Triple Gate MultiLayer Perceptron U-Net (TGMLP U-Net), a medical image segmentation model, is proposed in this work, which can segment medical images precisely with less computation overhead. Its performance attributes to three modules: TM, LGP, and a Gate-controlled Mechanism. The TM module encodes coarse-grained and fine-grained feature information from the high, wide, and channel axes, establishing the long-distance dependence between features and outputs sensitive position feature information, significantly improving the model’s performance. In the LGP module, the Global perceptron can be regarded as a sparse full connection with shared parameters, and Local Priors can be regarded as multi-scale Convolution. They can adapt to dynamic features’ changes and complementarily extract local and global features, enabling the model to segment complex medical images. The Gate-controlled Mechanism enables the model to dynamically adapt to DataSets of different sizes, learn the position embedding dependencies between and within Patches, and make the model more sensitive to position information. We use three classical medical image segmentation DataSets to verify the performance of TGMLP U-Net in the experiment, whose results demonstrate its excellent performance in segmenting medical images.

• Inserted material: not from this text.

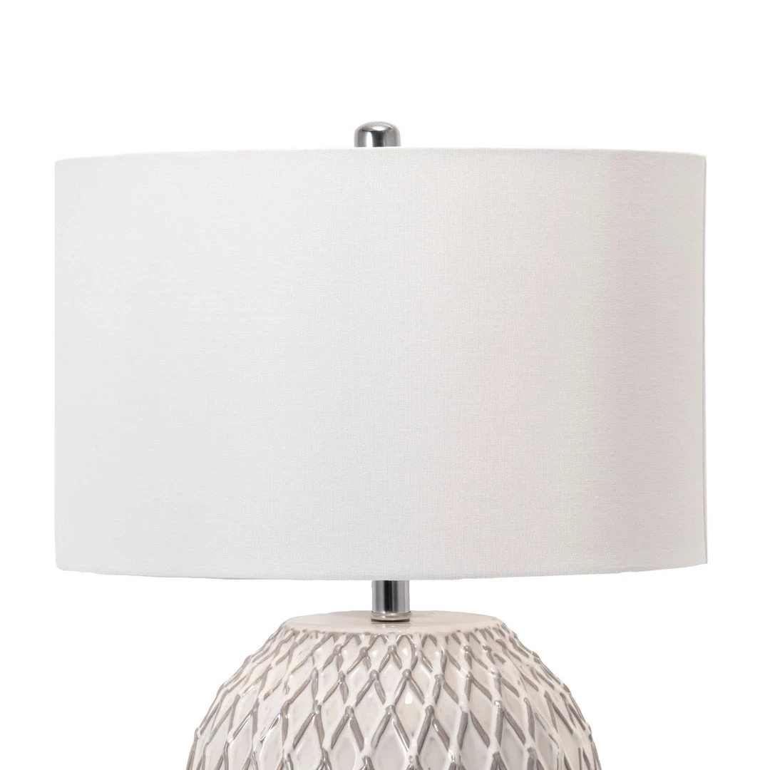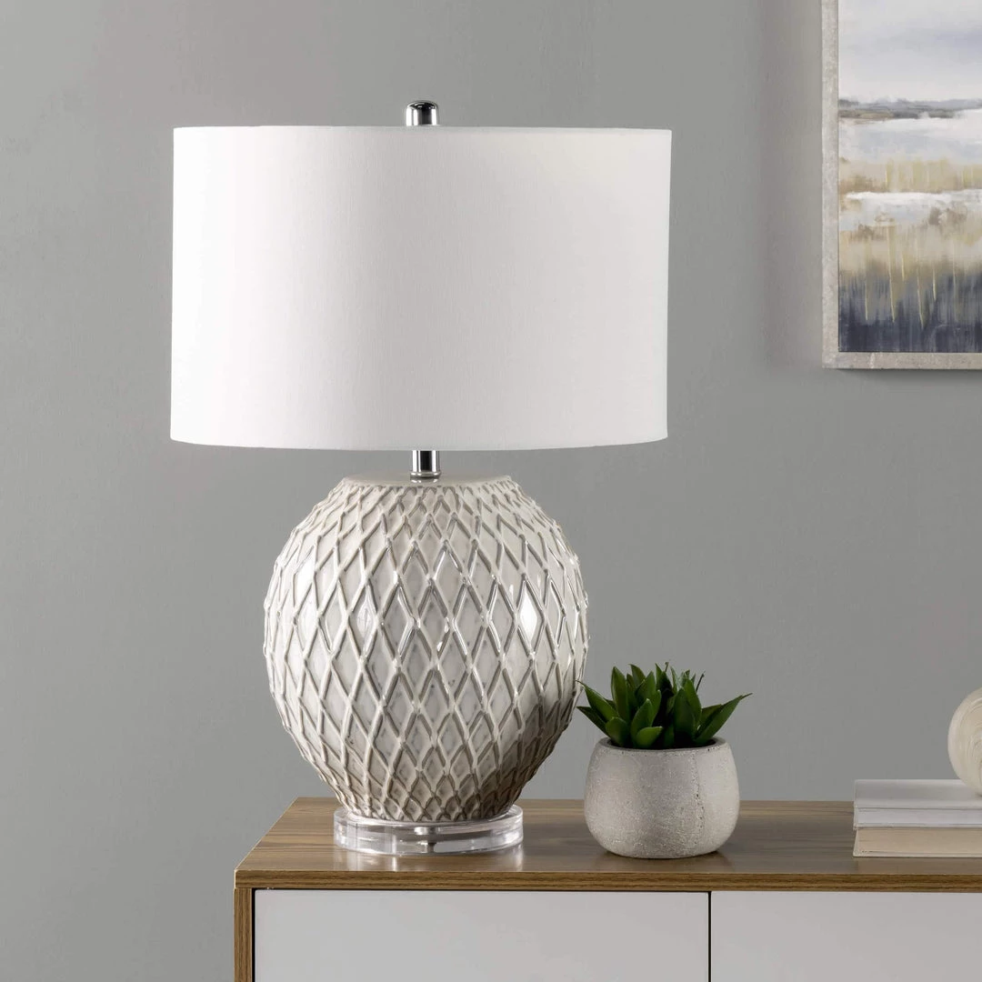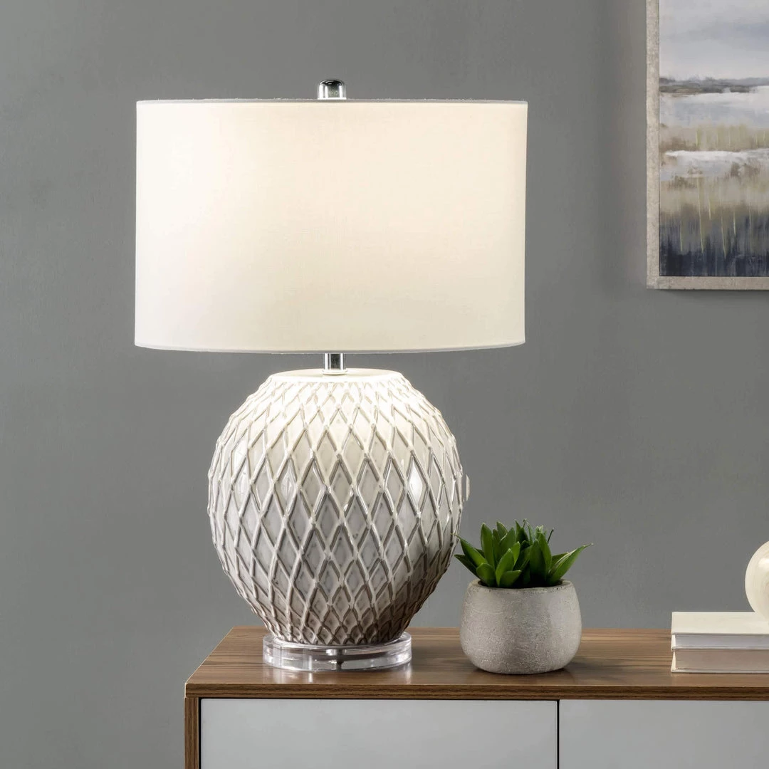 Finish off a side table with this striking traditional table lamp. The 26-inch high ceramic sphere base is easy to fit on your table, desk, or nightstand. A simple fabric drum shade pops on the top of this lamp effortlessly, creating a balanced look with soft lighting.
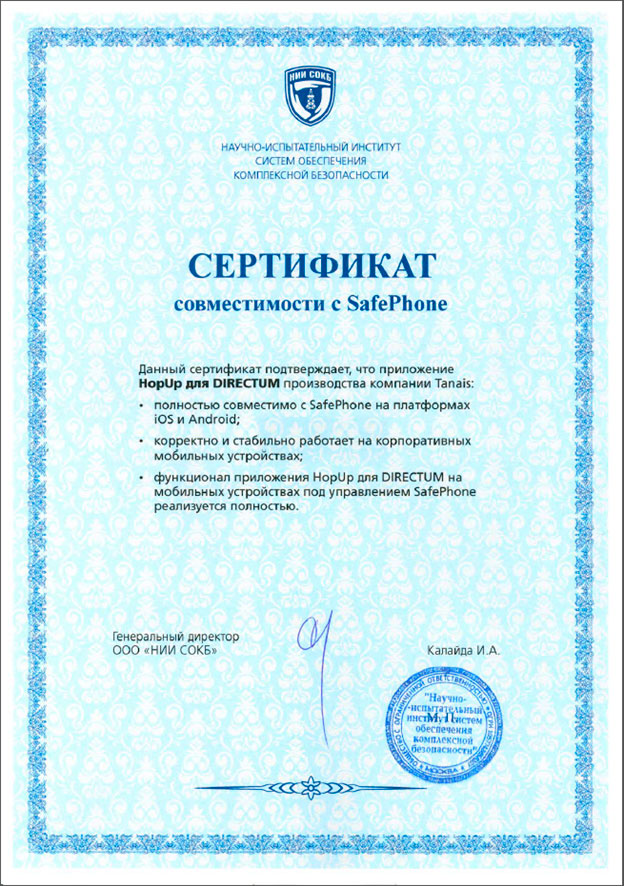 Сертификат совместимости с SafePhone

However, our work still has much room for further improvement. For example, whether TGMLP U-Net is suitable for other segmentation tasks or whether it can be reparametrized to accelerate the segmentation speed has not been discussed in detail. In the future, we will continue to study the application of TGMLP U-Net in other image processing tasks, such as denoising, object detection and image super-resolution, to make it applicable to a broader range of computer vision tasks.